Data segment: Begin

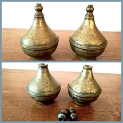 OMENİV'DEN GERÇEK ANTİKA OSMANLI ORİJİNAL BİR ÇİFT BERBER SULUĞU KOLONYA GÜL SUYU ŞİŞESİ SOM PİRİNÇ
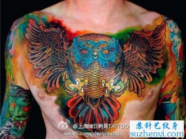 前胸猫头鹰纹身图_动物纹身图案大全_纹身图吧
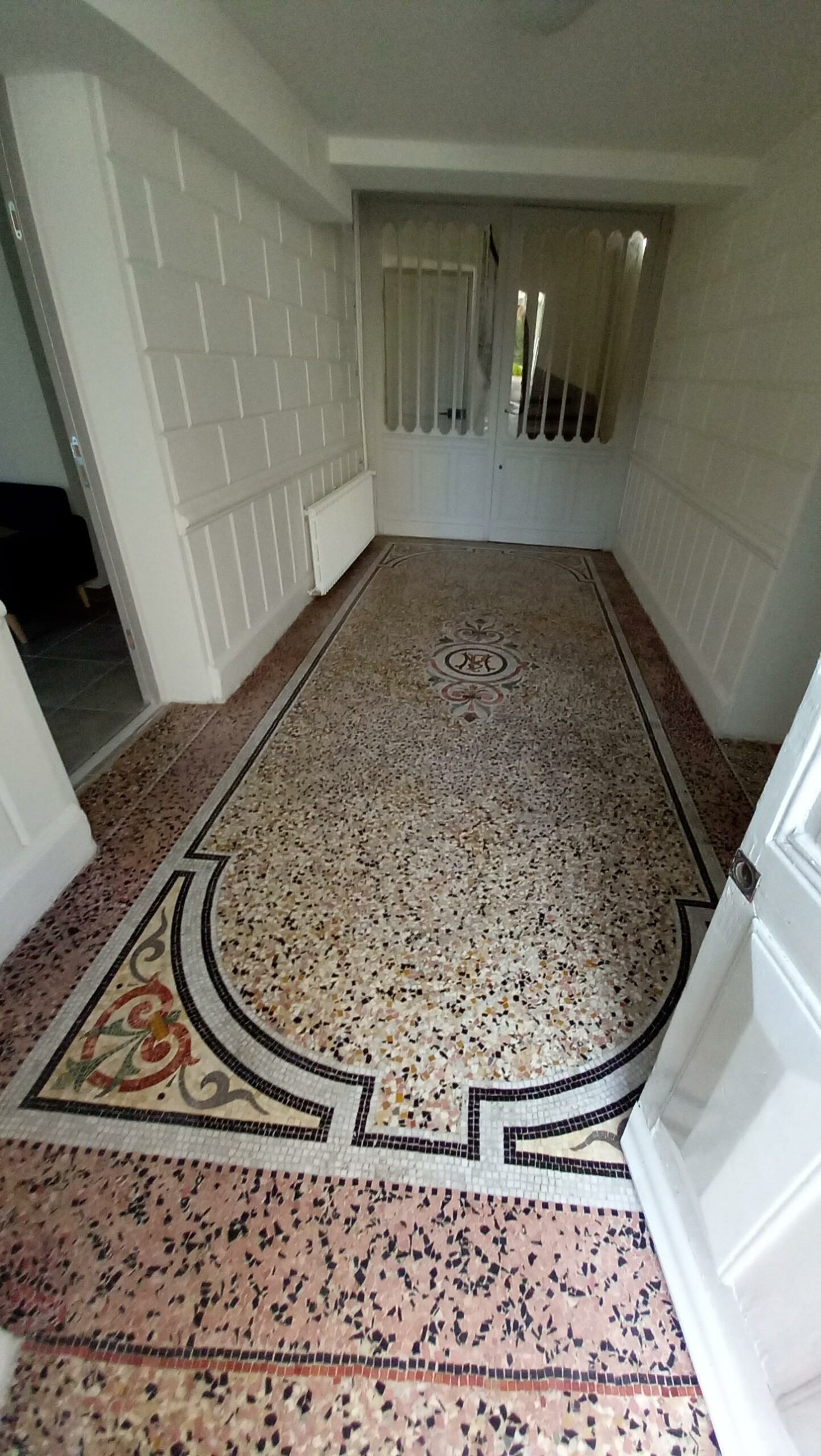 Les travaux se sont efforcés de respecter l’architecture ancienne du bâtiment dans ses éléments principaux : sa façade principale, la porte d’entrée, le sol du hall et l’escalier.
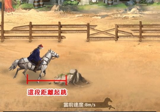| 3, 視線主要是放在馬鞭的CD時間,餘光去注意馬前方就好,看到石頭就準備跳。 |

Data segment: End

Retype the whole listing exactly. Do not include the pictures.

*Solution*
 OMENİV'DEN GERÇEK ANTİKA OSMANLI ORİJİNAL BİR ÇİFT BERBER SULUĞU KOLONYA GÜL SUYU ŞİŞESİ SOM PİRİNÇ
 前胸猫头鹰纹身图_动物纹身图案大全_纹身图吧
 Les travaux se sont efforcés de respecter l’architecture ancienne du bâtiment dans ses éléments principaux : sa façade principale, la porte d’entrée, le sol du hall et l’escalier.
| 3, 視線主要是放在馬鞭的CD時間,餘光去注意馬前方就好,看到石頭就準備跳。 |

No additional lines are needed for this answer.